I'm working with Azure Databricks where I am stream reading files from an Azure Datalake container. I am using the autoloader functionality with .format("cloudFiles").
The file structure in the container looks like this:
- ../accounts/*.csv
- ../accounts/snapshot/*.csv
Both folders (files and snapshot) contains lots of csv files and while for the loading path i'm only specifying "../files" anything that is in snapshot is also getting ingested by the autoloader.
My problem is: I want the autoloader to ignore any subfolder, but I have no clue how can that be achieved.
For technical restrictions this snapshot folder cannot be moved as it is produced by the MS Dynamics365 data export functionality; essentially it creates its own file structure and doesn't allow for much configuration.
Thorough testing proved that the subfolder is getting picked up, but we have no idea why.

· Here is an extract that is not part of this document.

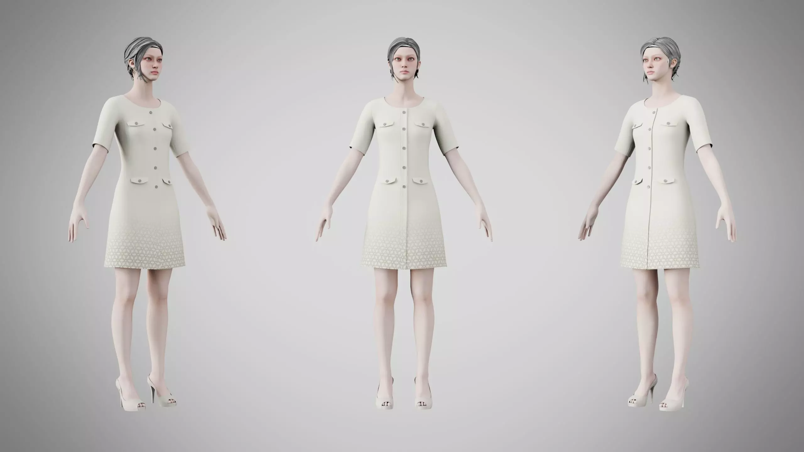 This Dress is high quality model with highly detailed textures and less on poly counts. It is suitable for use in the gaming industry and various production environments.The Dress is made in Marvelous Designer, textured in Substance Painter and Rendered in Blender's Cycle.

Is it a default behaviour of autoloader?
The options I am using for this:
- ("cloudFiles.useNotifications", True) -> this is an implementational requirement. Could this be the problem?
- ("recursiveFileLookup", False) -> The default value is false, but the existence of this option suggests that reading subfolders is not the default behaviour of autoloader.
As a workaround I can call the .option("pathGlobFilter", ?????.csv) which then filters for the files in account which are different from snapshot, but there has to be something else that resolves this.